Popper captured something important about scientific reasoning, but the picture is incomplete. The Duhem-Quine thesis, developed by the physicist Pierre Duhem in 1906 and extended by the philosopher W. V. O. Quine in 1951, holds that no scientific hypothesis can be falsified in isolation. Every empirical prediction depends on a bundle of auxiliary assumptions, meaning background beliefs about instruments, experimental conditions, and other relevant theories that must hold for a prediction to go through at all. When the same observation is compatible with two competing hypotheses, because each one interprets the observation through a different set of auxiliary assumptions, the evidence alone cannot tell us which hypothesis is correct. This is one form of underdetermination.
A famous example comes from astronomy. In 1846, Newtonian mechanics predicted an orbit for Uranus that did not match observations. Rather than conclude that Newton’s laws were wrong, the French astronomer Urbain Le Verrier revised an auxiliary assumption and proposed that an unseen planet was perturbing the orbit. That planet turned out to be Neptune, and the adjustment was vindicated.
Decades later, Mercury’s orbit posed a similar problem. Le Verrier tried the same move and proposed another unseen planet, which he called Vulcan. This time the planet did not exist. The real problem was with Newtonian mechanics itself, and it was not resolved until Einstein formulated general relativity in 1915. The same logical move had been applied in both cases, and there was no way to know in advance which auxiliary assumption deserved revision.
The debate over recursive self-improvement exhibits this pattern. The fast-progress proponent can always say “that bottleneck is temporary” while the skeptic can always say “that progress is unrepresentative,” and both arguments are reasonable given present-day observations. They are doing what scientists have always done when confronted with anomalies, that is, protecting the core of their theory by adjusting assumptions at the periphery.
At some point, reality will vindicate one view or the other. Either the recursive loop closes, or progress plateaus despite continued scaling. Le Verrier eventually learned whether Neptune and Vulcan existed. But unlike those astronomical puzzles, which could afford decades of patient observation, the question of automated AI R&D arguably carries higher stakes. The evidence which definitively settles the question may arrive only after the window for policy preparation has closed.

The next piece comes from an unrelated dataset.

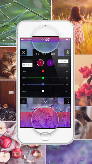 「OBARLAY」は、iPhoneのホーム画面やロック画面において、お気に入りの写真と重ねておしゃれにチェンジしたり自分だけの組み合わせを作ることで見たこともないような画面を作成できるアプリ。使用する画像を選択し、スライダーを動かして画像を調整するだけで完成する。使用する画像は、カメラで撮影するかカメラロールから好きな画像を選択することが可能。色の濃度の調整なども行える。このほか、「おまかせ」機能でデザインパックを豊富に用意しているという。

Yet some evidence is better than other evidence. The CSET report identifies a series of indicators specifically designed to track the progress of AI R&D automation: 1) broad capability metrics like performance on long-horizon tasks, “messy” tasks, and continual learning, 2) AI R&D-specific benchmarks arranged on a ladder from engineering through ideation and strategy, and 3) internal company signals like R&D spending allocation, employment patterns, and the gap between internally deployed and publicly released models.
Dean Ball began a series on RSI on his Substack last week, writing that AI agents that build the next versions of themselves are not science fiction, that this process will begin in earnest this year, and that it “could change the dynamics of AI competition, alter AI geopolitics, and much more.” He promised specific measures for this week, on the grounds that “regardless of the outcome, the automation of AI research and development changes the fundamental dynamics of the field enough to merit targeted policy action.”
Each of us working on policy in this space must contend with deep uncertainty, because the available evidence will underdetermine the outcome.